Tuesday, February 12, 2013

It's not about ethics. It's about being smart.


There is no questioning the fact that the pros and cons of human experimentation has been one of the most important debates of the twenty-first century. While thousands of people involved in clinical trials, legal or illegal, have suffered from severe health deterioration including instant death, millions of people have received vaccinations for arguably incurable ailments such as polio, now on the verge of eradication. And the issue is becoming increasingly complex with time, as indicated by the following recent examples.

On 12th April 2006, six volunteers at the North-wick Park Hospital in London were administered weakened doses of a drug called TGN1412 in the first human clinical trial conducted by researchers at a leading biotechnology firm called TeGenero. The drug was being explored as a potential treatment to auto-immune diseases like multiple sclerosis, in which the body's own immune system causes harm to the body's organs. Minutes after the infusion, all volunteers had to be transferred to intensive care as they faced life-threatening conditions which involved multi-organ failure. The United Kingdom’s Medicines and Healthcare Products Regulatory Agency immediately conducted an investigation, but did not find any flaws in the execution of the procedures in the research protocol initially submitted by TeGenero. Hence, it was ruled that this disaster was the result of unexpected behavior of the drug.

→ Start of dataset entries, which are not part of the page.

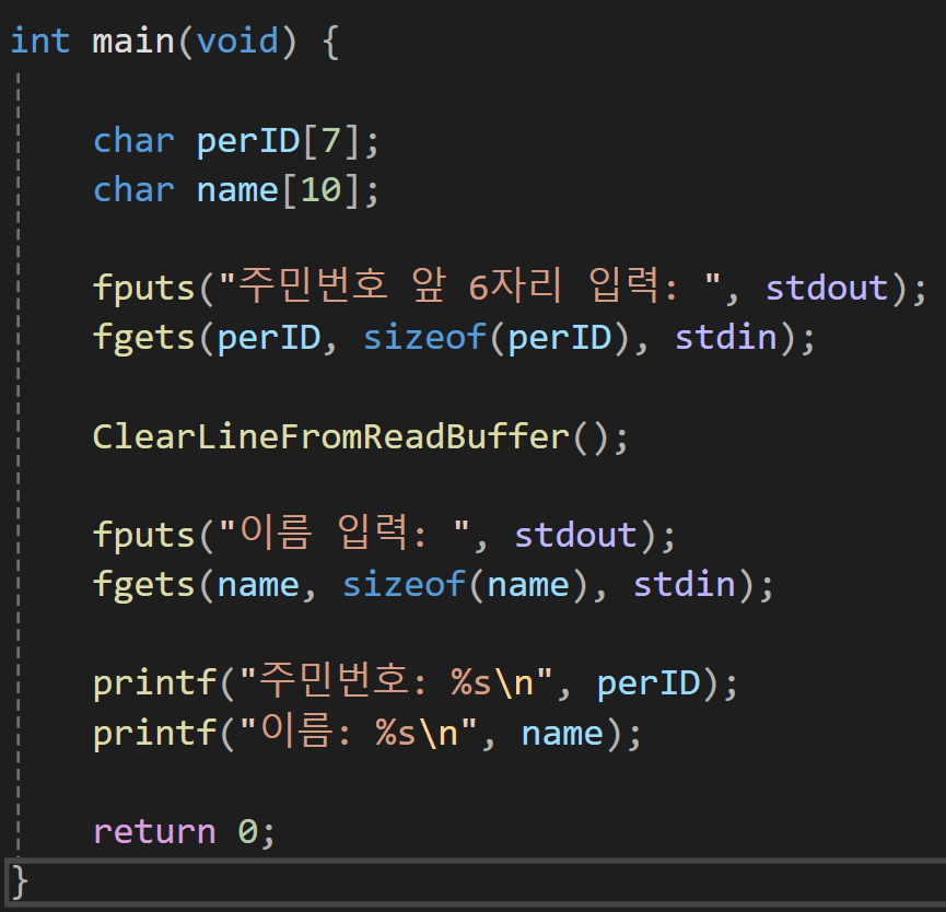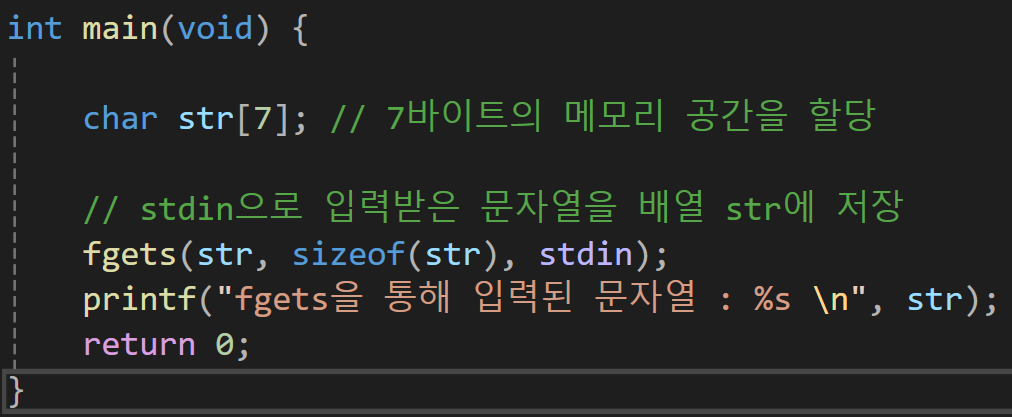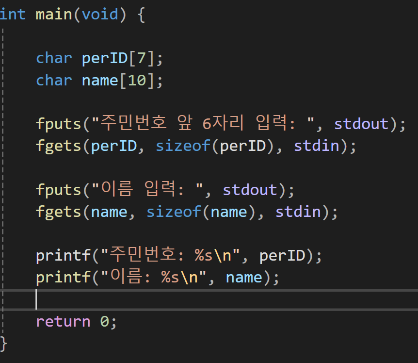 위와 동일하게 getChar의 경우는 값을 키보드로 입력을 받고 fgetc의 경우는 입력받을 장치를 무엇을 사용할지 결정할 수 있다.
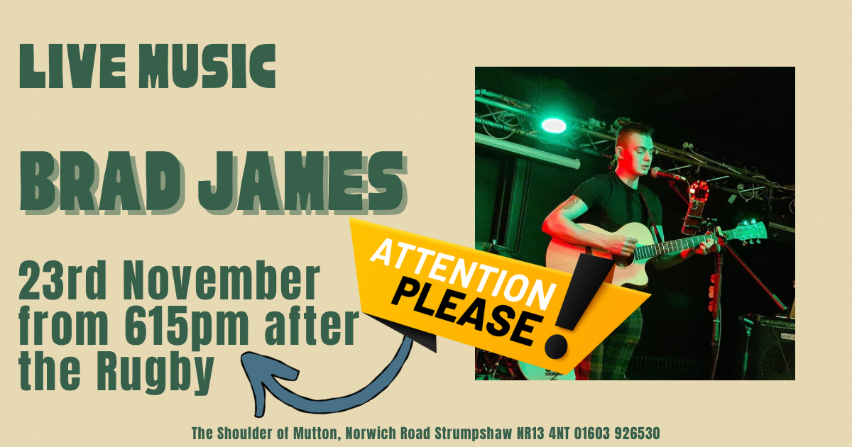 Sunday Sounds – Brad James Share: Web: 23rd November from 5pm Brad is back! A solo musician with a great voice playing a fantastic music.
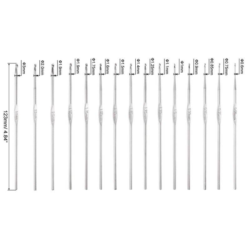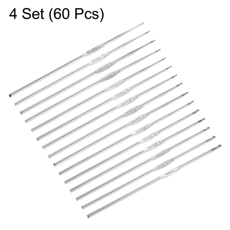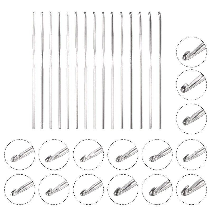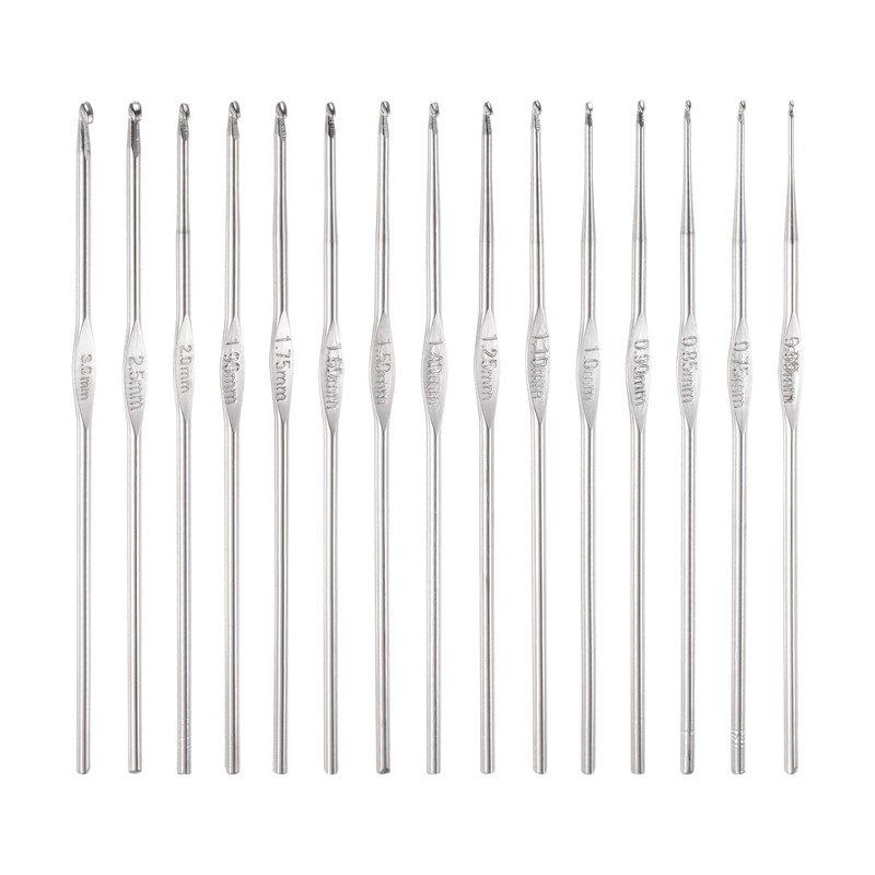 uxcell Stainless Steel Crochet Hook Set 0.6mm-3mm Knitting Needles for DIY Craft Yarn 30Pcs
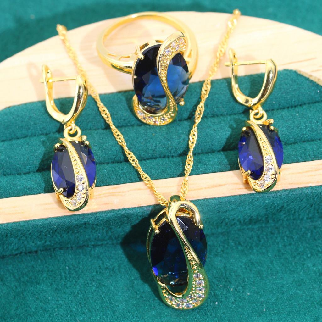 1. Σετ κοσμημάτων με πράσινο πετράδι: Αυτό το κόσμημα είναι φτιαγμένο από πλούσια πράσινα πετράδια ως κύρια πέτρα, σε συνδυασμό με λαμπερά σπασμένα διαμάντια, με εξαιρετικό σχήμα. Ο σχεδιασμός των κολιέ, των βραχιολιών, των δαχτυλιδιών και των σκουλαρικιών είναι συντονισμένος και ενιαίος, και ο φιόγκος είναι κομψός και ζωηρός, αναδεικνύοντας την αρχοντιά και την ομορφιά του, κάτι που είναι κατάλληλο για να προσθέσετε ανταύγειες σε επίσημες περιστάσεις.
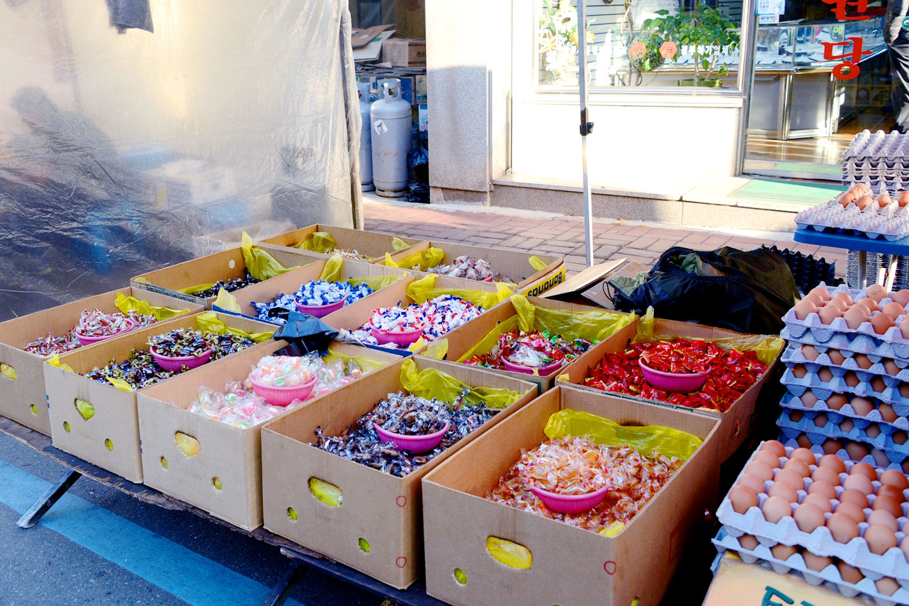 평소에는 상점들이 정상적으로 영업을 하고 장이서는 날에는 자판에 다양한 품목들이 더해져 활기 가득한 시장의 모습을 만나볼 수 있답니다.

On the other hand, on 16th July 2012, the U.S. Food and Drug Administration approved the market use of Truvada, a drug that reduces the risk of HIV infection in uninfected individuals who are at a high risk of catching the disease due to being engaged in sexual activity with HIV-infected partners. One of the events that lead to the eventual approval of this drug was a large, randomized clinical trial conducted by Gilead Sciences, the manufacturer of the drug, in 4,758 heterosexual couples where exactly one partner was HIV-infected. Truvada's safety and efficacy was demonstrated by the fact that the drug reduced the risk of being infected by 75 percent, with only mild side-effects such as diarrhea, nausea, headache etc.

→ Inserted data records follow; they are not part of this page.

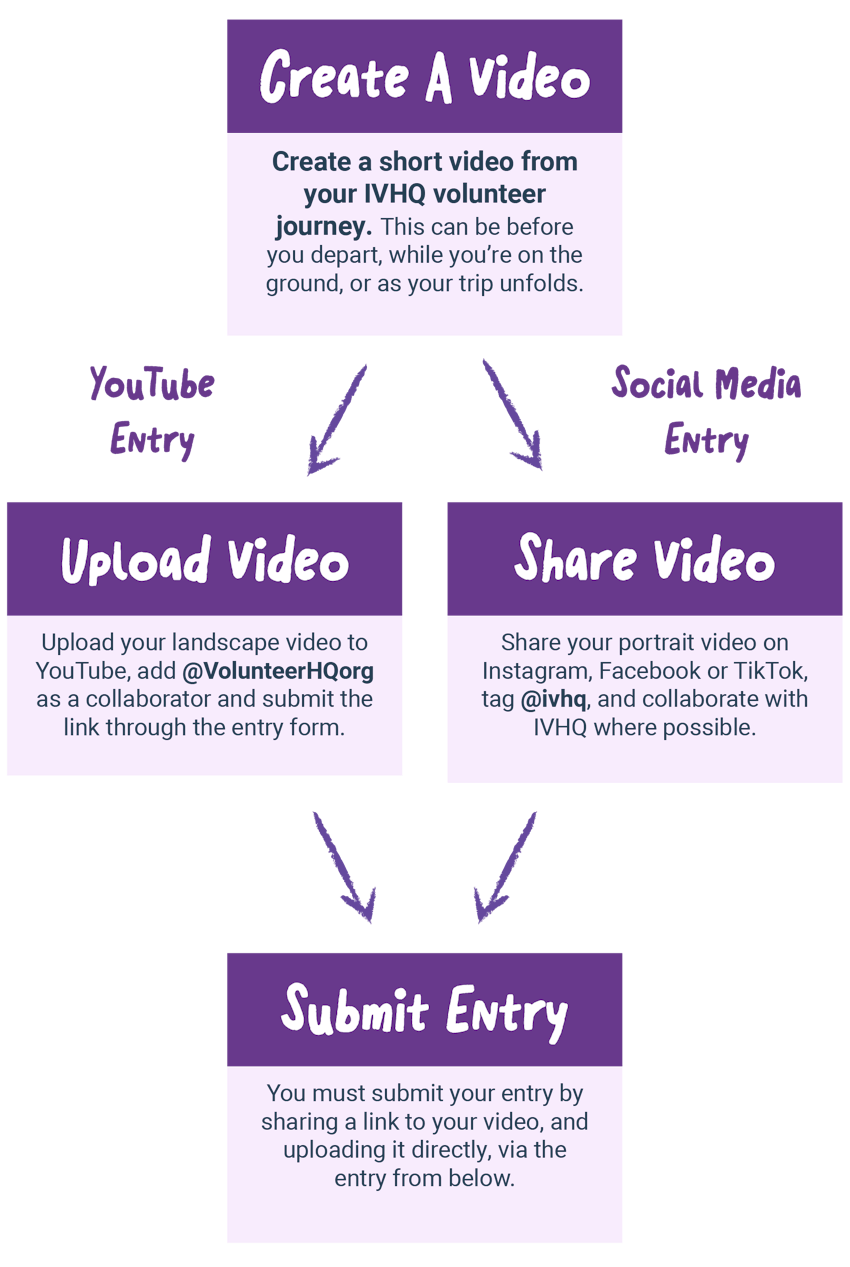 Create a short video about your IVHQ volunteer journey, share it on YouTube or social media, then submit the video link via the official entry form on the IVHQ website.
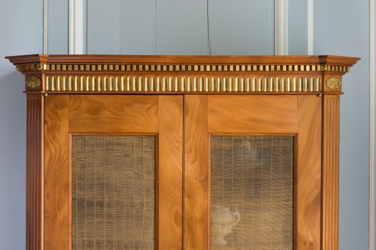 Le fronton à décrochement est décoré de cannelures en bronze doré surmontées de denticules en bronze doré également.
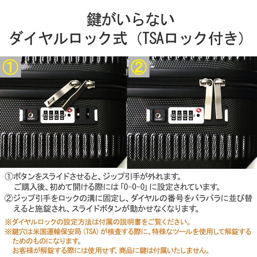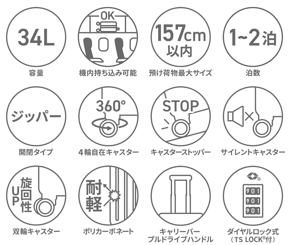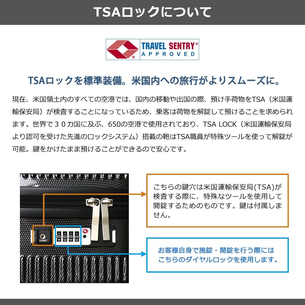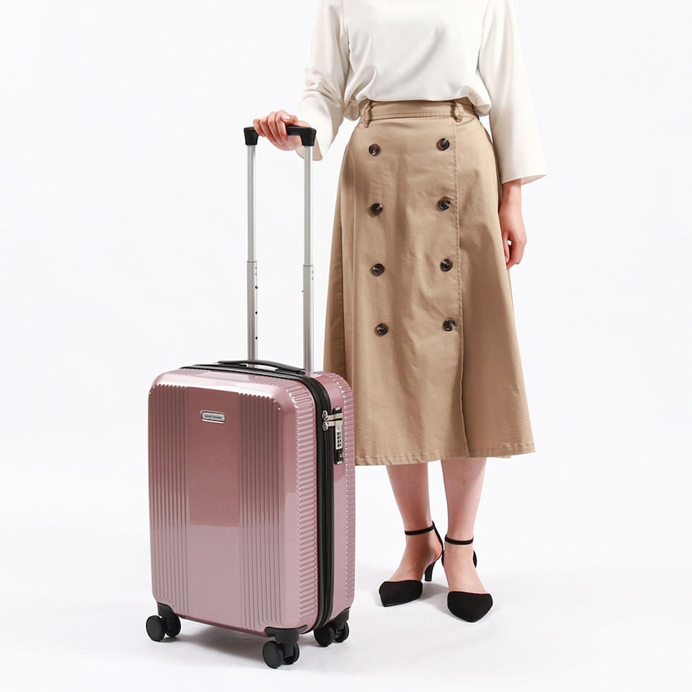 縦リブにカーボン柄を施したシャープなデザインが特徴の『ボトムベイ』シリーズ。本体は1~2泊分の荷物が収まるコンパクトなサイズ感で、旅行や出張などに持ち運びやすいアイテムに仕上がっています。静音双輪キャスターを採用し、静かで安定した走行を実現。また背面にはワンタッチで操作できるキャスターストッパーを装備し、電車や坂道での不意な移動を防止します。その他、TSAロック、耐衝撃性に優れたポリカーボネートをボディに使用するなど、実用的な機能を抑えた設計が魅力です。

The primary reason behind narrating these examples is to highlight the fact that human experimentation has 'huge' advantages and 'huge' disadvantages. Hence, an intelligent and powerful framework is essential to control the approval of these experiments. Intelligent, because the greater the expertise of the people who comprise this framework, the better the decisions made while reviewing experiments for approval. Powerful, because unless the framework has the authority to force its laws upon research groups/individuals, it cannot control the experimentation that takes place.

One way of implementing such a framework, as observed in many countries, is the establishment of government-funded agencies that adhere to a strict cost-benefit-analysis approach when evaluating experiments. Research without informed consent should not be permitted, not because it is ethically wrong, but because it would cause uncontrollable public unrest, resulting in people losing faith in their government. On the other hand, research which offers monetary benefits to volunteers should not be discarded without any further consideration based on ethical grounds, because the benefits of the same research to the society, if successful, might far outweigh the costs to the volunteers. Policies such as these might sound too radical at first, but the fact remains that the job of the government is to look after the betterment of the public. Experiments for which expected social benefit outweighs expected social cost, as determined after meticulous evaluation by experts (from fields beyond biology if necessary), must be approved and vice versa, because this is the only way of reducing the future occurrence of events such as the TGN1412 tragedy while also increasing the future occurrence of events such as the Truvada breakthrough. 

Sources:
1. http://www.nature.com/nature/journal/v440/n7086/full/440855a.html
2. http://www.ncbi.nlm.nih.gov/pmc/articles/PMC2964774/
3. http://seattletimes.com/html/businesstechnology/2018699860_apushivdrugfda.html
4. http://www.fda.gov/forconsumers/byaudience/forpatientadvocates/hivandaidsactivities/ucm312264.htm

1 comment:

BradleyW said...

I agree with what you have said about these huge risks and huge benefits associated with medical testing. The nature of improving medicine as a field has always been weighing these risks versus these benefits. Without this balance there would be no medical breakthroughs or no new discoveries that lead to a greater understanding and overall health for the public.
As you pointed out these tests do not always go exactly as planned. In cases such as TGN1412, which is the extreme of what can go wrong in one of these studies, terrible things do happen. The goal of researchers is obviously to try their best to make sure these kinds of outcomes rarely happen but the truth is that it is impossible to be one hundred percent sure of what a drug will do during its first human trials. Sure there are animal trials that can predict the outcome but they are not the same. Animal models can be great predictors, but they are not the real things and drastic changes can happen when humans are giving the same drug or treatment. The troubling question becomes, when tragedies like the one that occurred with TGN1412 do occur, and they will, who is to blame?
I think the only logical answer, as unsatisfying as it may seem, is no one. It is not anyone’s fault for these drug tests, as long as there were no flaws in the regulations and procedures of drug trials. It is just an extremely unfortunate event that occurred and is really the nature of medical advances. In order for there to be huge leaps forward like what Truvada accomplished, there must be some drugs that fail. It is the unfortunate truth in medicine.